The following code:
class ParentModel(models.Model):
pass
class ChildA(ChildB):
pass
class ChildB(ParentModel):
pass
Obviously fails with the message.
NameError: name "ChildB" is not defined
Is there anyway to get around this issue, without actually reordering the class definitions? (The code is auto-generated, about 45K lines, and the order of classes is random).
Perfectionists look away!!
This is a workaround (hack); the solution would be to solve the incorrect declaration order.
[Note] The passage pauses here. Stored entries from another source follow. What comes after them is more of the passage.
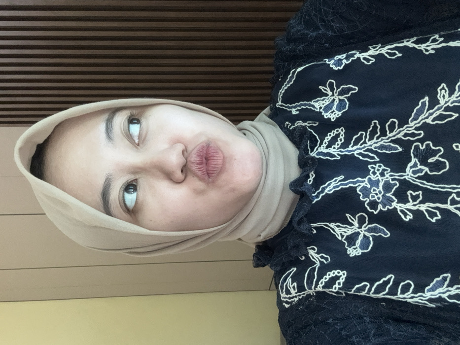 - "A woman wearing a tan hijab and a dark blue top with white floral embroidery puckers her lips, looking upwards with a slightly tilted head" by FM-2HdLF2, licensed under CC BY 4.0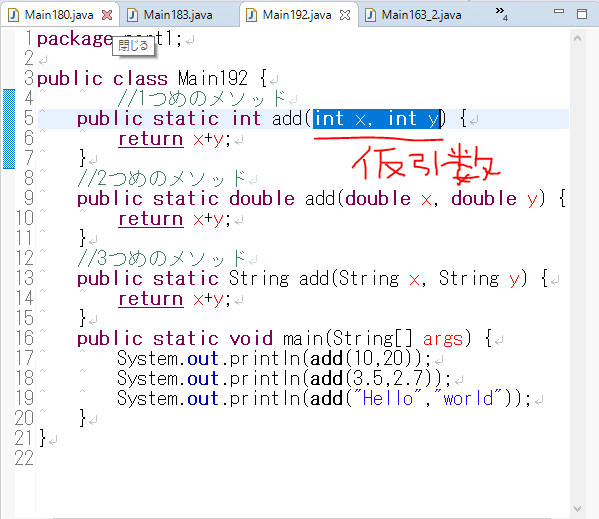 同じ名前のメソッドが複数あってもJAVAさんの方で呼び出し元の引数を見て、「あ、10と20を足したいんだな。じゃあintを足す方の関数addのつもりだろう」とか、「ストリング型を足したいのか、じゃあStringを足す関数addのつもりなんだろう」と考えて実行してくれるらしい。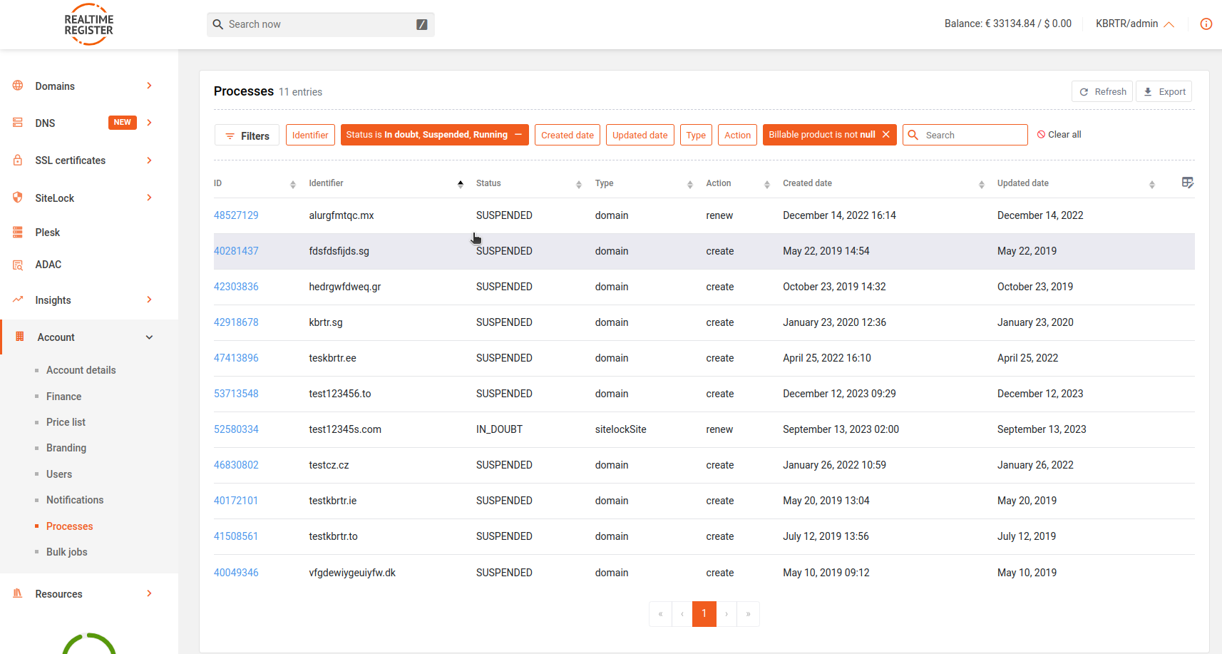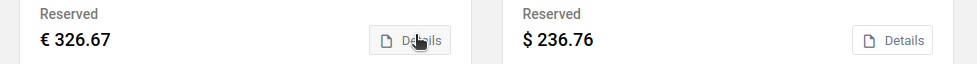 - The reserved balance shows funds that are reserved for pending transactions in your Realtime Register account. For a detailed description on the functionality of the reserved balance, See the ➤ Reserved balance KB-article.

WARNING: This is extremely daft.
Concept:
Imagine a namespace where anything can exist. Literally anything that is asked of it. Not the smartest thing usually but out-of-order declaration isn't smart either, so why not?
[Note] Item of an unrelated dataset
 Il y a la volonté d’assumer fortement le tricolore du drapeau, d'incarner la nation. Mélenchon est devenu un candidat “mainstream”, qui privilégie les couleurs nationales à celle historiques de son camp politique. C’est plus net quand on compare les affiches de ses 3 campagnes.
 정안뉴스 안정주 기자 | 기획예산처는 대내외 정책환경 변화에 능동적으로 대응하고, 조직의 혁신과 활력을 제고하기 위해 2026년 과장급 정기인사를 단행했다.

The key problem of out-of-sequence classes is that dependent classes were being defined before their dependencies, the base classes. At that point of evaluation, the base classes are undefined resulting in a NameError.
Wrapping each class in try except statements would take as much effort as rewriting the module anyway, so that can be dismissed out of hand.
A more efficient (in terms of programmer time) means of suppressing NameError must be used. This can be achieved by making the namespace totally permissible, as in, if a lookup object doesn't exist, it should be created thereby avoiding a NameError. This is the obvious danger of this approach as a lookup becomes a creation.
Implementation:
Namespaces in Python are dictionaries, I believe, and dictionaries methods can be overloaded, including the lookup function: __getitem__. So mr_agreeable is a dictionary subclass with an overloaded __getitem__ method which automatically creates a blank class when a lookup key doesn't exist. An instance of mr_agreeable is passed to execfile as the namespace for the classes.py script. The objects (aside from the builtins) created execfile call are merged with the globals() dict of the calling script: hack.py.
This works because Python doesn't care if class' base classes are changed after the fact.
This may be implementation dependent, I don't know. Tested on: Python 2.7.3 64bit on Win7 64bit.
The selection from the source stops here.